Seminar IV: Quantitative Analysis

T-test and Regression

T-tests
A t-test is used to determine whether or not there is a statistically significant difference in two means.

Certain assumptions are made for a t-test to be valid:

  • Random samples - were the data collected as random samples that represent the larger population?
  • Values are normally distributed - there is no indication the values are skewed in any way. (this is testable)
  • Scores have the same variance – how far are the values spread from the average?

Interpretation of results:

Do you think that the means of these two groups are different? Yes, they are. Do you think they are ‘significantly’ different? To know that, we will need to do a t-test using the original data.
group mean
Group A 23.6
Group B 24.2

Your main focus in the results of the t-test is the p-value which represents “the probability of observing a sample statistic that is at least as extreme as your sample statistic when you assume that the null hypothesis is true.” Source

Take home: If you get a high p-value (over 0.05 usually), your results are consistent with the null hypothesis and you can say you ‘do not reject the null hypothesis.’ If, however, your results give you a low p-value (<0.05 typically), you should reject the null hypothesis in favor of the alternative hypothesis.

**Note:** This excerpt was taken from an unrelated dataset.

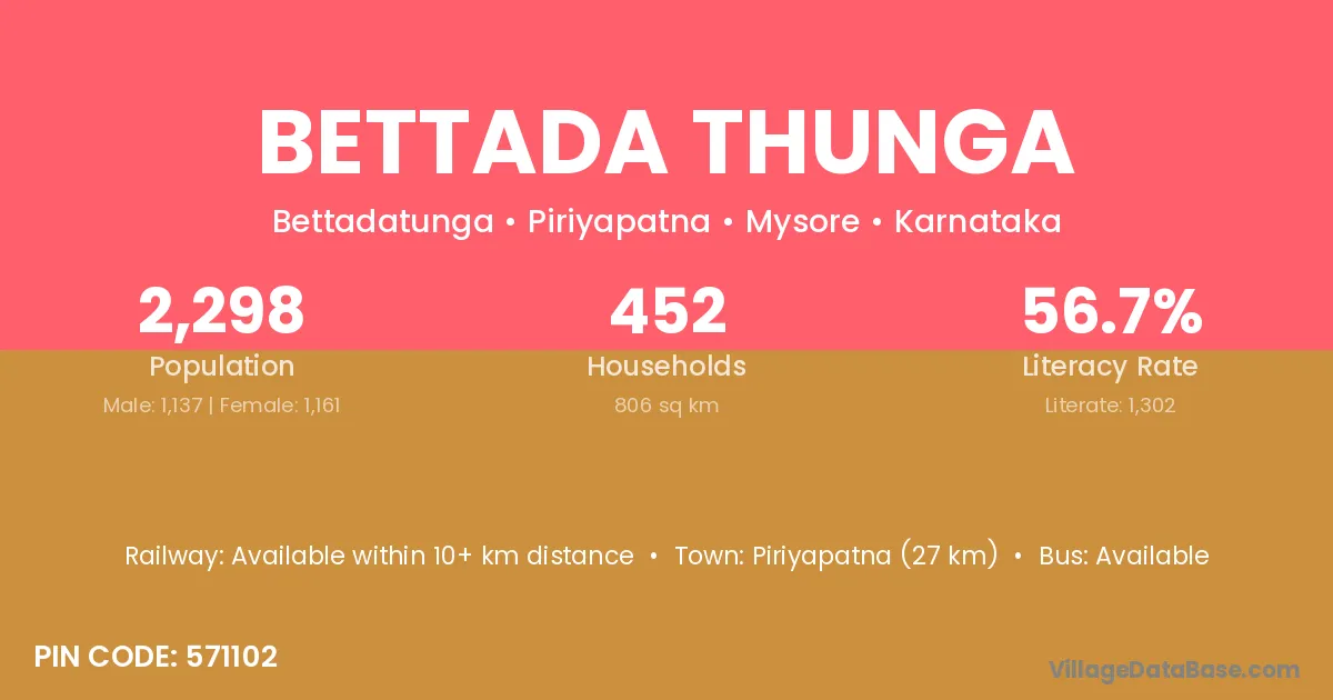 Piriyapatna (27 km) is the nearest town to Bettada Thunga village for major economic activities and is located approximately 27 km away.

These results indicate that there is an effect and a statistically significant difference in your observations.

So, p > 0.05, there is no difference; p < 0.05, there is a difference.

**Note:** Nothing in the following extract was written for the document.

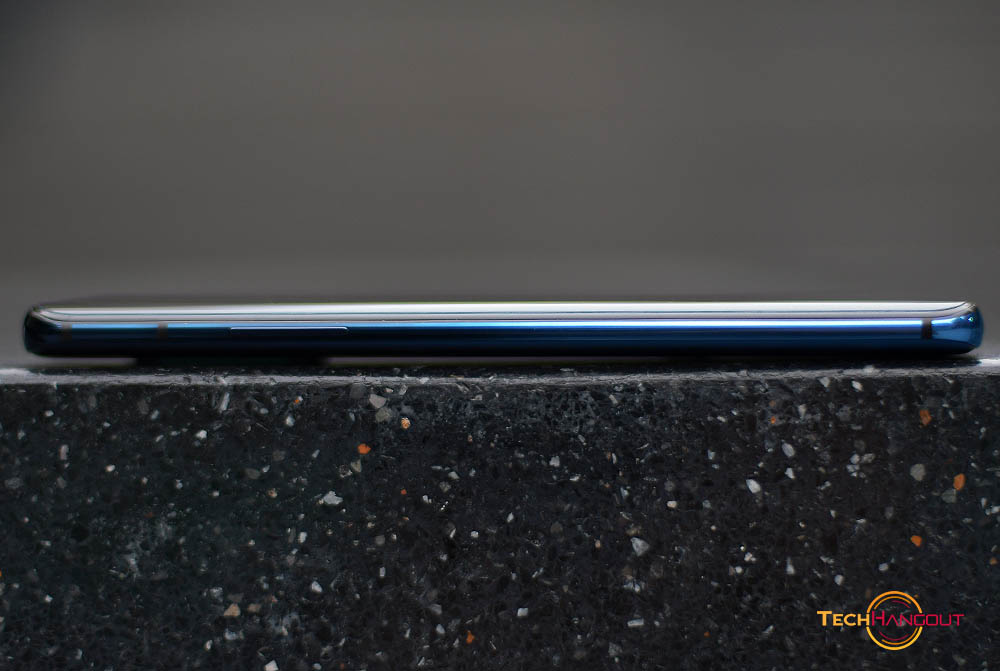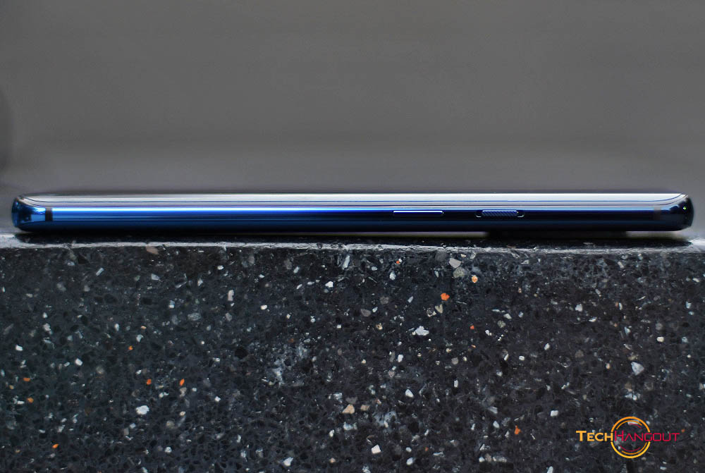 ขอบด้านขวาของตัวเครื่องนั้นจะเห็นถึงความโค้งทั้งหน้าและหลังของตัวเครื่องและกระจกหน้าจอและฝาหลังที่โค้งรับมือได้ดี และมีการไล่เฉดสีของตัวเครื่องด้วย ส่วนปุ่ม Power และ สวิทช์ เลื่อนเสียง นั้นยังมีมาให้อยู่ฝั่งนี้ทั้งหมด

Consider the means above in the table. If the p-value from a t-test was 0.037, what would you conclude?

Correlation
This is a simple test to determine the extent to which two continuous variables are related. A value close to 1 suggests the relationship is approximately linear. A negative sign suggests that as one variable increases, the other decreases.

Linear Regression
This analysis generates a model that approximates your observed data. Essentially, you get a formula that can be used to predict values. There are other non-linear types of regression we will not cover. Be careful when modeling non-linear data! Sometimes scientists ‘correct’ non-linear data into a linear form to be able to model the data trend more easily. This is especially common with biological data.

Interpretation of results: You will hear talk of independent and dependent variables. In linear regression, the p-value for each of your independent variables “tests the null hypothesis that the variable has no correlation with the dependent variable.” Source

Example: You and your classmates study for an exam but you all study for different lengths of time. You find out that students that study more tend to get better grades. In this case your formula might look like GRADES = HOURS*X + k where k is some intercept. The variable HOURS is the independent variable and grades is the dependent variable. Your null hypothesis would state that ‘hours’ has no relationship with ‘grades’. If you get a low p-value, you would reject this idea and claim that the length of study time DOES have a relationship with student grades. The p-value in a regression works similarly to that in other tests but be careful how you interpret results.

## 
## Call:
## lm(formula = sy ~ x)
## 
## Residuals:
##     Min      1Q  Median      3Q     Max 
## -41.563 -19.981   0.469  20.345  38.645 
## 
## Coefficients:
##             Estimate Std. Error t value Pr(>|t|)    
## (Intercept)  5.03007    4.76156   1.056    0.293    
## x            1.97103    0.08227  23.959   <2e-16 ***
## ---
## Signif. codes:  0 '***' 0.001 '**' 0.01 '*' 0.05 '.' 0.1 ' ' 1
## 
## Residual standard error: 24.1 on 99 degrees of freedom
## Multiple R-squared:  0.8529, Adjusted R-squared:  0.8514 
## F-statistic:   574 on 1 and 99 DF,  p-value: < 2.2e-16

What is our null hypothesis for this situation again? It is that study hours has no relationship with grades. What is the p-value for the independent variable ‘x’ (the study hours)? Can we reject the null hypothesis? What then can we conclude? Does this conclusion match up with the visual results we see in the plot?

Hands-on Analysis

This activity is set up for you to complete a t-test to compare means of two groups and to determine a function that can be used to predict data points using existing data values.

Please open RStudio Cloud and navigate to the materials for Seminar 4. We will work through these activities together.